But most importantly, he sets the record straight on the harsh criticism he’s endured as the author of one of the most controversial vaccine-causing-autism studies ever done.

In addition to his hotly contested MMR study, published in the journal Lancet in 1998, he has published about 130-140 peer-reviewed papers looking at the mechanism and cause of inflammatory bowel disease, and has extensively investigated the brain-bowel connection in the context of children with developmental disorders such as autism.

 

Dr. Mercola's Comments:

As a gastrointestinal surgeon, Dr. Wakefield has investigated the connection between developmental disorders and bowel disease, and early exposure to vaccines. For example, in the beginning of our interview, he discusses the curious link between an unusual exposure to the measles virus and subsequent development of Crohn’s disease, and in many cases, autism.

One of the routes of this type of exposure is clearly vaccination.

One of the primary reasons for this interview was to discuss Dr. Wakefield’s recent media exposure, and allow him the opportunity to finally set the public record straight.

As you probably know, the scientific peer-review process is designed to ferret out the truth. But in some cases, such as the case of Dr. Wakefield, this process can become perverted by conflicts of interest.

There are tens, if not hundreds of billions of dollars involved in the vaccine industry, and as a consequence there’s major pressure to suppress negative findings, such as the findings Dr. Wakefield uncovered.

In the last few months, he has been severely criticized in the media. Like every story there are always two sides and up until now he has not shared his due to advice he had received from his attorneys. That advice has now changed, and I wanted to provide him with the opportunity to tell his side of the story. In this interview, Dr. Wakefield opens up publicly for the first time.

If you have any interest in the vaccine controversy, I can strongly assure you that watching this fascinating video will be very rewarding.

Study Lands Dr. Wakefield in Hot Water

The story begins with the publication of a case series in the prestigious medical journal The Lancet, in February 1998.

A case series essentially tells the clinical story of a group of patients with a constellation of signs and symptoms that link them together. In this case, it was a group of autistic children with gastric problems, which led to the discovery of a novel bowel disease.

But rather than celebrating the discovery of a tangible, treatable problem that can help these children and others suffering with similar health issues, it became a hotly debated controversy in which Dr. Wakefield’s reputation was smeared.

Why?

Because part of the patients’ story included regression after a vaccine.

“… If those children had regressed after natural chickenpox, you and I would not be sitting here now. But they didn’t. They regressed after a vaccine,” says Wakefield.

The vaccine in question was the MMR vaccine.

Since then, Dr. Wakefield’s study -- which suggests there may be a link between the MMR vaccine, bowel disease, and autism -- has remained one of the most controversial studies on the topic of vaccine safety.

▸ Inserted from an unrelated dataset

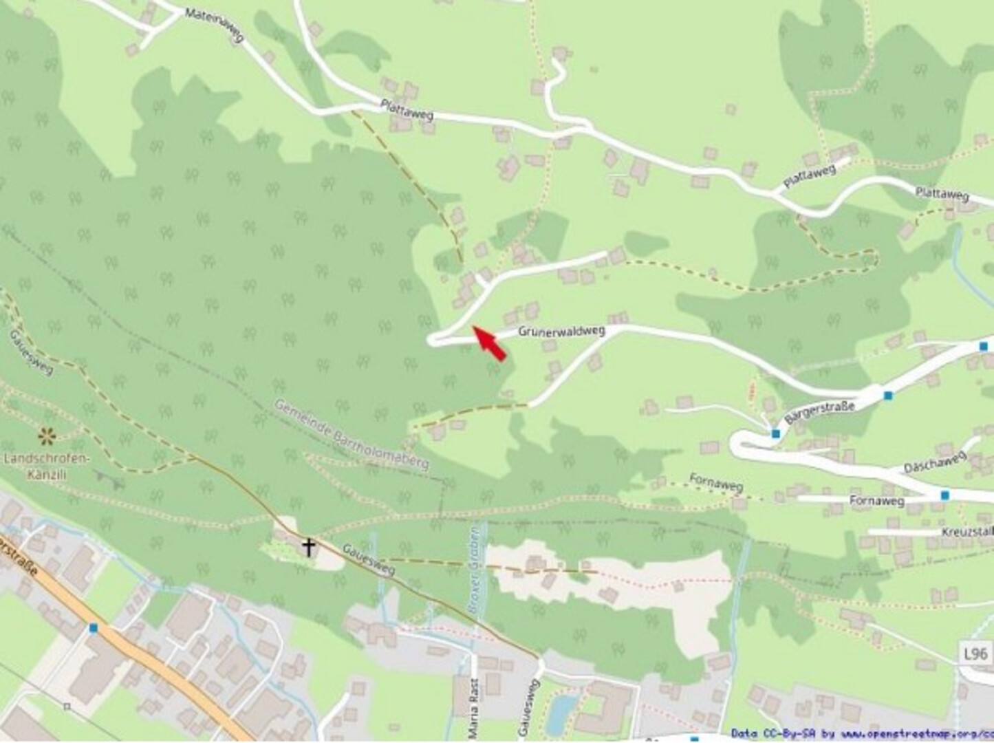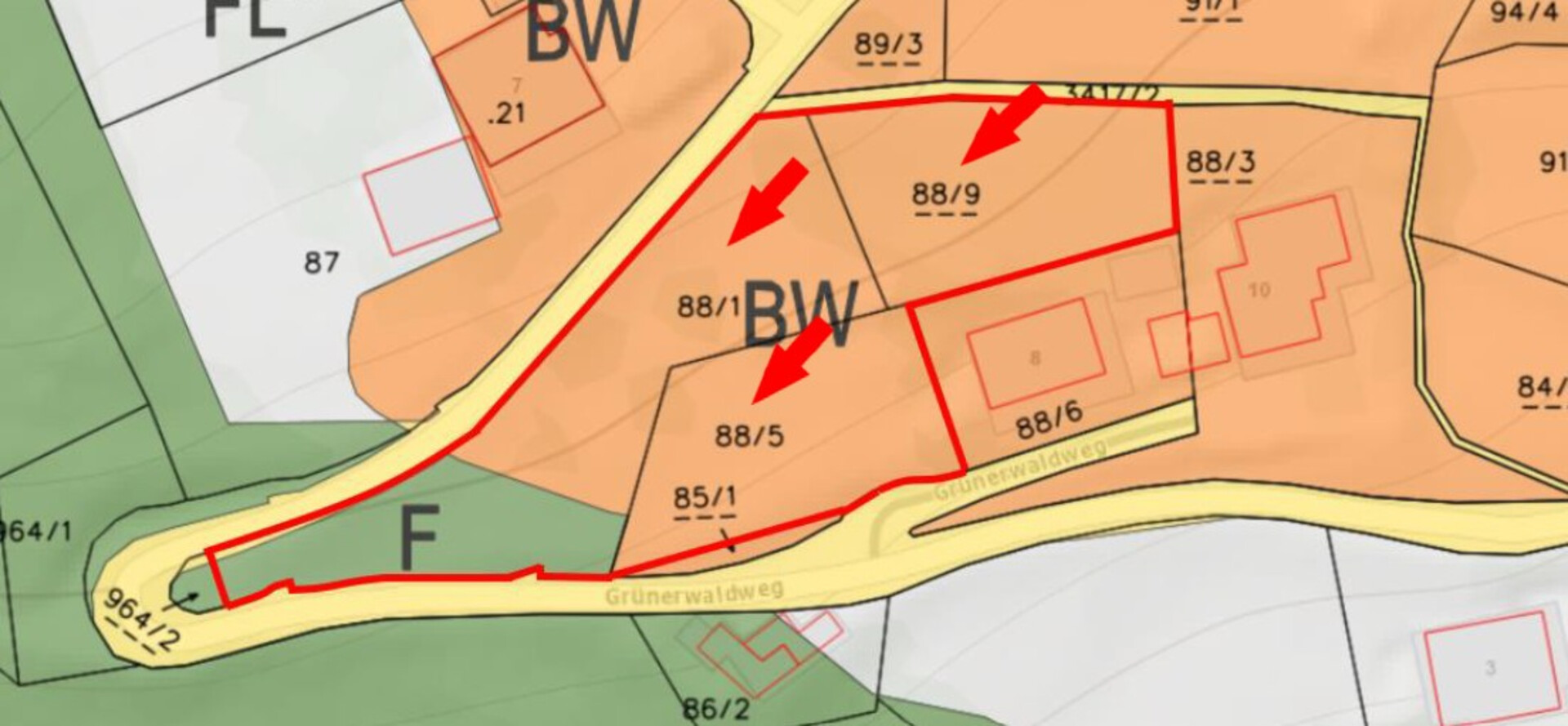 Zum Verkauf steht ein außergewöhnlich gelegenes Baugrundstück in begehrter Sonnenhanglage in Bartholomäberg auf einer Höhenlage von ca. 900 m ü. M.. Die Liegenschaft besticht durch ihre ruhige Umgebung, ganztägige Besonnung sowie eine eindrucksvolle Aussicht auf die umliegende Berg- und Tallandschaft. Das Grundstück setzt sich aus den Grundstücksnummern 88/1, 88/5 und 88/9 zusammen und weist eine Gesamtfläche von ca. 2.934 m² auf. Davon entfallen ca. 2.561 m² auf die Baufläche Wohnen, ergänzt durch eine Waldfläche von ca. 373 m², die den naturnahen Charakter der Liegenschaft zusätzlich unterstreicht. Die Nutzungsart ist Eigennutzung, was den privaten und exklusiven Wohncharakter des Grundstücks wahrt. Seitens der Gemeinde bestehen keine expliziten Vorgaben hinsichtlich Baunutzungszahl oder Geschosshöhe. Für Grundstücke ab einer Größe von 800 m² ist jedoch ein Antrag auf Baugrundlagenbestimmung erforderlich. Die Bebauung und Bauführung sollen sich harmonisch in den bestehenden Umgebungsbestand einfügen. Die Errichtung einer Wohnanlage ist nicht gestattet, wodurch eine lockere und hochwertige Bebauungsstruktur sichergestellt wird. Um die hervorragende Aussicht optimal auszunutzen, empfiehlt sich eine Bebauung im oberen Bereich des Grundstücks. Dadurch kann auch die Zufahrt bequem über die obere Straßenseite erfolgen. Gleichzeitig bleibt ausreichend Platz für die Schaffung von Parkflächen vorhanden. Der Grünerwaldweg, eine Abzweigung der Bärgerstraße, wird überwiegend ausschließlich von den dort ansässigen Bewohnern genutzt. Die Verkehrsbelastung ist entsprechend gering, was die ruhige und erholsame Wohnlage zusätzlich betont.

He knew he was about to enter treacherous waters when it was published, and he knew he needed to be prepared for the inevitable backlash from the vaccine industry. Says Dr. Wakefield:

“… I decided that I was going to review all of the safety studies about measles and measles-containing vaccines because if I was going to challenge the status quo and say things that might have an adverse effect on vaccine uptake, I had to know what I was talking about.

So I read all the papers, and I was absolutely appalled with the quality of the safety studies of the single [measles, mumps, and rubella vaccines], and the combined MMR vaccine in particular.”

His research led him to write a 250-page report, concluding that he could not support the use of the combined three-in-one MMR vaccine.

It simply was not safe.

This recommendation was made public during a press conference in February of 1998, at which time single vaccines were still available in the UK. But in order to protect MMR vaccine policy, in September of that same year, the British government withdrew the importation license for the single measles vaccine, leaving parents without any choice – they either had to vaccinate their children with the triple MMR vaccine, or not vaccinate.

The result?

A decline in vaccination, and an increase in measles outbreaks… But rather than acknowledging the lack of safe options, Dr. Wakefield was singled out as an “anti-vaccine advocate” whose recommendations caused a decline in children being vaccinated, and hence responsible for the increase in measles.

Says Wakefield:

“… it’s my opinion that it is entirely their responsibility that there has been a declining vaccine uptake in the UK, because they removed the option of the single vaccines and there have been outbreaks of infectious disease as a consequence.”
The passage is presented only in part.